EXERCISE PROMPT> Because the images are not wanted, restate every line below word for word without them.

SUPPLIED DATA>

= Beginning of Section =

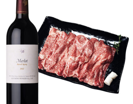 安曇野ワイナリー メルロ樽熟成/神戸牛肩ロースすきやき
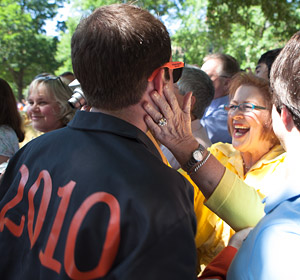Family members greet a soon-to-be graduate during the class procession into the ceremony. (Photo: Brian Wilson)
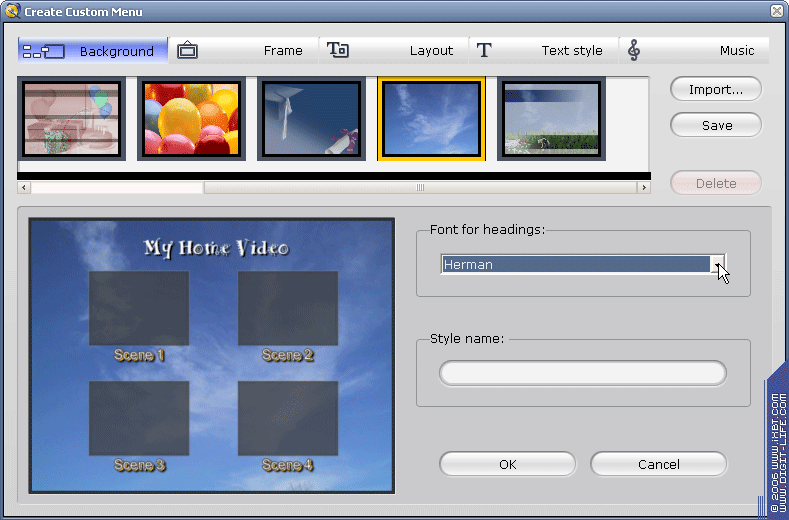 Здесь можно выбрать фон меню (любые распространенные форматы изображений), форму и заливку рамок для будущих кнопок, способ расположения их в меню, стиль текста для заголовков. Заготовок в программе более чем достаточно. Можно подобрать и подходящее музыкальное сопровождение, которое будет проигрываться, пока активно меню. Изменить названия сцен не представляется возможным — изменению поддается лишь заглавное название меню. После создания диска названия сцен будут представлять собой цифры, идущие по порядку. Кириллица поддерживается.
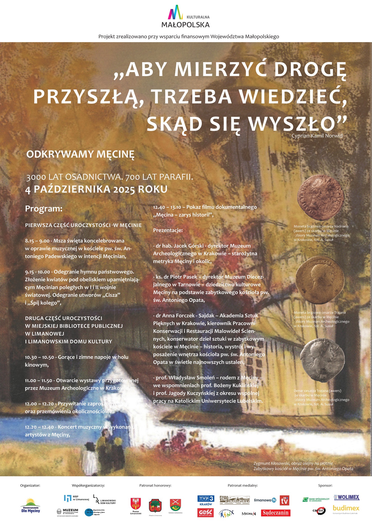 „Aby mierzyć drogę przyszłą, trzeba wiedzieć, skąd się wyszło…” – to słowa, które stały się myślą przewodnią spotkania pn. „Odkrywamy Męcinę. 3000 lat osadnictwa. 700 lat parafii”. W imieniu organizatorów serdecznie zapraszamy do udziału w tym wyjątkowym wydarzeniu. Szczegóły znajdą Państwo na plakacie.

= End of Section =

EXERCISE OUTPUT>
 安曇野ワイナリー メルロ樽熟成/神戸牛肩ロースすきやき
Family members greet a soon-to-be graduate during the class procession into the ceremony. (Photo: Brian Wilson)
 Здесь можно выбрать фон меню (любые распространенные форматы изображений), форму и заливку рамок для будущих кнопок, способ расположения их в меню, стиль текста для заголовков. Заготовок в программе более чем достаточно. Можно подобрать и подходящее музыкальное сопровождение, которое будет проигрываться, пока активно меню. Изменить названия сцен не представляется возможным — изменению поддается лишь заглавное название меню. После создания диска названия сцен будут представлять собой цифры, идущие по порядку. Кириллица поддерживается.
 „Aby mierzyć drogę przyszłą, trzeba wiedzieć, skąd się wyszło…” – to słowa, które stały się myślą przewodnią spotkania pn. „Odkrywamy Męcinę. 3000 lat osadnictwa. 700 lat parafii”. W imieniu organizatorów serdecznie zapraszamy do udziału w tym wyjątkowym wydarzeniu. Szczegóły znajdą Państwo na plakacie.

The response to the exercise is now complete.